Исследователи имеют доступ к большим онлайн-архивам научных статей. Как следствие, поиск соответствующих статей стал более сложным. Тегирование или моделирование темы позволяет идентифицировать исследовательские статьи, что облегчает процесс рекомендаций и поиска.

Учитывая аннотацию и название для набора исследовательских статей, предскажите темы для каждой статьи, включенной в тестовый набор.

Обратите внимание, что исследовательская статья может иметь более одной темы. Тезисы и названия научных статей взяты из следующих 6 тем:

Информатика
Физика
Математика
Статистика
Количественная биология
Количественные финансы

Описание

Импорт библиотек

import numpy as np
import pandas as pd
import matplotlib.pyplot as plt
%matplotlib inline
import warnings
warnings.filterwarnings('ignore')
from sklearn.preprocessing import LabelEncoder
import nltk
nltk.download('punkt')
nltk.download('wordnet')
nltk.download('stopwords')
nltk.download('averaged_perceptron_tagger')
from nltk import sent_tokenize, word_tokenize
from nltk.stem.snowball import SnowballStemmer
from nltk.stem.wordnet import WordNetLemmatizer
from nltk.corpus import stopwords
from sklearn.metrics import accuracy_score, confusion_matrix, classification_report
from sklearn.feature_extraction.text import CountVectorizer
from sklearn.feature_extraction.text import TfidfVectorizer, TfidfTransformer

Импорт набора данных

train = pd.read_csv('/kaggle/input/janatahack-independence-day-2020-ml-hackathon/train.csv')
test = pd.read_csv('/kaggle/input/janatahack-independence-day-2020-ml-hackathon/test.csv')
samp = pd.read_csv('/kaggle/input/janatahack-independence-day-2020-ml-hackathon/sample_submission_UVKGLZE.csv')

ПОМЕТОЧНЫЙ ПОДСЧЕТ

l = ['Computer Science', 'Physics', 'Mathematics', 'Statistics', 'Quantitative Biology', 'Quantitative Finance']
for col in l:
    print(col,':\n',train[col].value_counts())
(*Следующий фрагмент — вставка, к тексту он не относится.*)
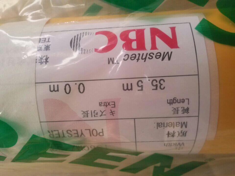 詳細說明:品名:正宗日本NBC網紗 規格:AL-140-30Y-355PW136A(140T,350目,線徑30,寬度尺寸136cm,黃網,長度:整卷30M) 性能:紗薄,手感細膩,**次性張力可拉28N,穩定后張力可達26±1N,由于張力高,網距小,離網性和油墨剝離性出色,不易爆網;能得到高精細、高質量的印刷效果。 用途:主要用于PCB、電子、塑膠、金屬、紙張、紡織品等多種行業,適用對質量效果要求較高的印刷。 本公司專業銷售高品質絲印網紗,印刷網紗,印花網紗,滌綸網紗耗材,主要產品為進口日本NBC網紗、瑞士sefar網紗及各種國產網紗。產品技術參數如下: 絲徑:55微米-27微米。 目數:100T(250目)-165T(420目)。 寬幅:115cm,136cm,158cm, 張力:23N/CM-40N/CM. 材料:聚酯,尼龍。 顏色:白色,黃色。 本公司專業批發,銷售NBC,SEFAR等各種**進口網紗,以及各種印刷耗材,歡迎新老客戶咨詢,蒞臨指導!

dic = {'CS' :8594,'Phy' :6013,'Math' :5618,'Stats' :5206,'QB' :587,'QF' :249}

values = dic.values()
total = sum(values)
percent_values = [value * 100. / total for value in values]
print(percent_values)
[32.71785891041992, 22.891841474092967, 21.388053451098337, 19.819545437240645, 2.234743213918605, 0.9479575132295276]

Разделение на поезд и набор проверки

X = train.loc[:,['TITLE','ABSTRACT']]
y = train.loc[:,l]

from sklearn.model_selection import train_test_split

X_train, X_test, y_train, y_test = train_test_split(X, y, test_size=0.16, random_state=42)
test = test.drop(['ID'],axis=1)
y_test.reset_index(drop=True,inplace=True)
X_test.reset_index(drop=True,inplace=True)
y1 = np.array(y_train)
y2 = np.array(y_test)

Очистка текста

X_train.replace('[^a-zA-Z]',' ', regex=True, inplace=True)
X_test.replace('[^a-zA-Z]',' ', regex=True, inplace=True)
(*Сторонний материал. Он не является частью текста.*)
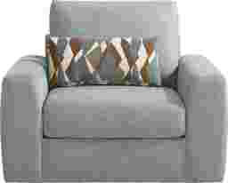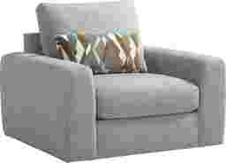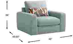 A deep exhale, the noise fades, and calm settles in with the Alexander collection's graceful structure and soothing tones, bringing ease and beauty to the heart of your home. Contemporary in style, this chair is upholstered in lake blue chenille for a clean, versatile look. Subtle curves and sleek track arms add a refined charm, while pillowy deep seating offers cloud-like relaxation. The swivel base brings 360-degree motion, so you can effortlessly stay in conversation from any angle. A coordinating kidney pillow showcases a geometric motif in complementing shades of brown and blue, making a bold yet balanced statement. Upholstery: 100% polyester.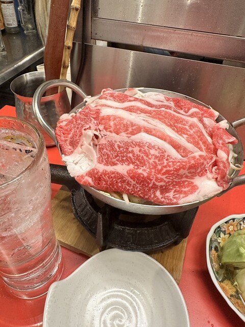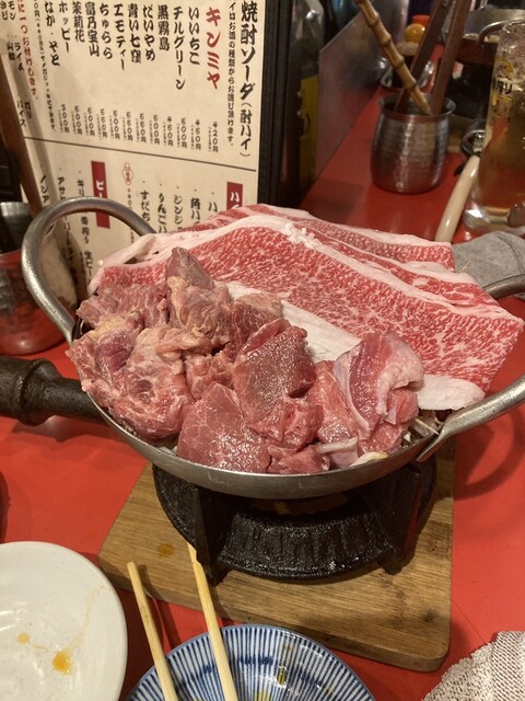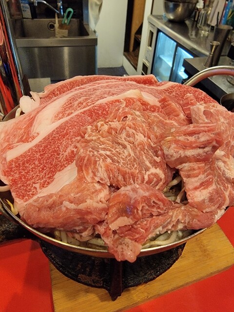 黒毛和牛の下に牛豚鶏の肉が敷きつめられた『肉を食べる為の鍋』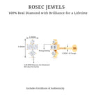 - The Cluster Earring showcases a round diamond on top, complemented by princess cut diamonds held securely in place with prong setting.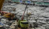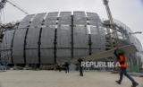 REPUBLIKA.CO.ID,JAKARTA -- Pekerja saat beraktivitas di area pembangunan Jakarta International Stadium (JIS) di kawasan Papanggo, Jakarta, Selasa (26/10).

test.replace('[^a-zA-Z]',' ', regex=True, inplace=True)
for index in X_train.columns:
    X_train[index] = X_train[index].str.lower()
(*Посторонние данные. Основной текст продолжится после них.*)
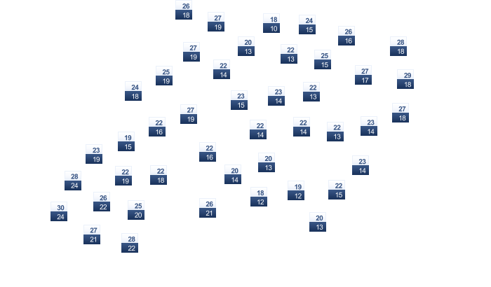 | 29 | 29 | 30 | 32 | 34 | 37 | 36 | 35 | 35 | 33 | 31 | 29 |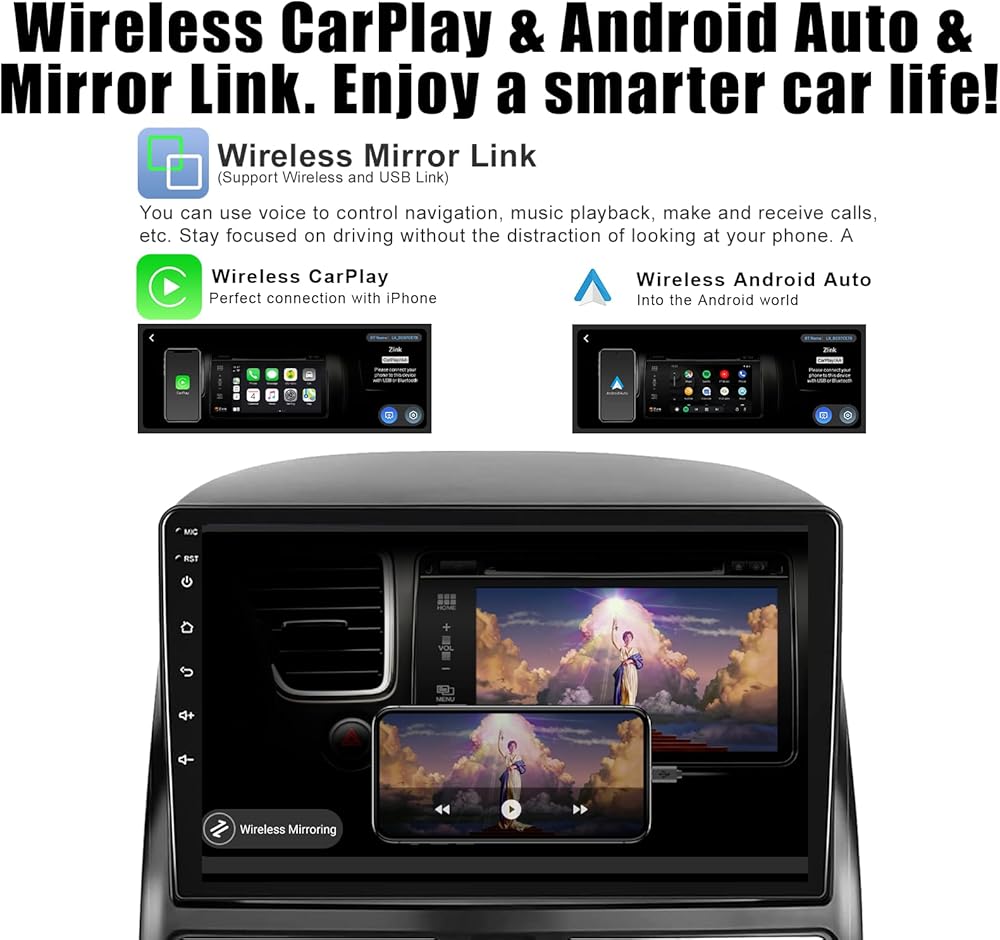 【CarPlay اللاسلكي وصوت السيارة Android Auto مع التحكم الصوتي】يدعم صوت السيارة الذي يعمل باللمس مع تشغيل السيارة المدمج وAndroid Auto التنقل وإجراء المكالمات والاستماع إلى الموسيقى وإرسال واستقبال الرسائل. استخدم صوتك لإيقاظ Siri أو Google Assistant. حرر يديك وكن رفيقك الأكثر أمانًا على الطريق. بالإضافة إلى ذلك، فهو يدعم أيضًا Mirror Link اللاسلكي/السلكي، والذي يمكنه عرض شاشة الهاتف المحمول على الجهاز المثبت على السيارة، مما يتيح لك الاستمتاع بمزيد من المرح.

for index in X_test.columns:
    X_test[index] = X_test[index].str.lower()

for index in test.columns:
    test[index] = test[index].str.lower()
X_train['ABSTRACT'] = X_train['ABSTRACT'].str.replace(r'\b\w\b', '').str.replace(r'\s+', ' ')
X_test['ABSTRACT'] = X_test['ABSTRACT'].str.replace(r'\b\w\b', '').str.replace(r'\s+', ' ')

test['ABSTRACT'] = test['ABSTRACT'].str.replace(r'\b\w\b', '').str.replace(r'\s+', ' ')
X_train = X_train.replace('\s+', ' ', regex=True)
X_test = X_test.replace('\s+', ' ', regex=True)

test = test.replace('\s+', ' ', regex=True)
stop_words = set(stopwords.words('english')) 
len(stop_words)
X_train['ABSTRACT'] = X_train['ABSTRACT'].apply(lambda x: ' '.join(term for term in x.split() if term not in stop_words))
X_test['ABSTRACT'] = X_test['ABSTRACT'].apply(lambda x: ' '.join(term for term in x.split() if term not in stop_words))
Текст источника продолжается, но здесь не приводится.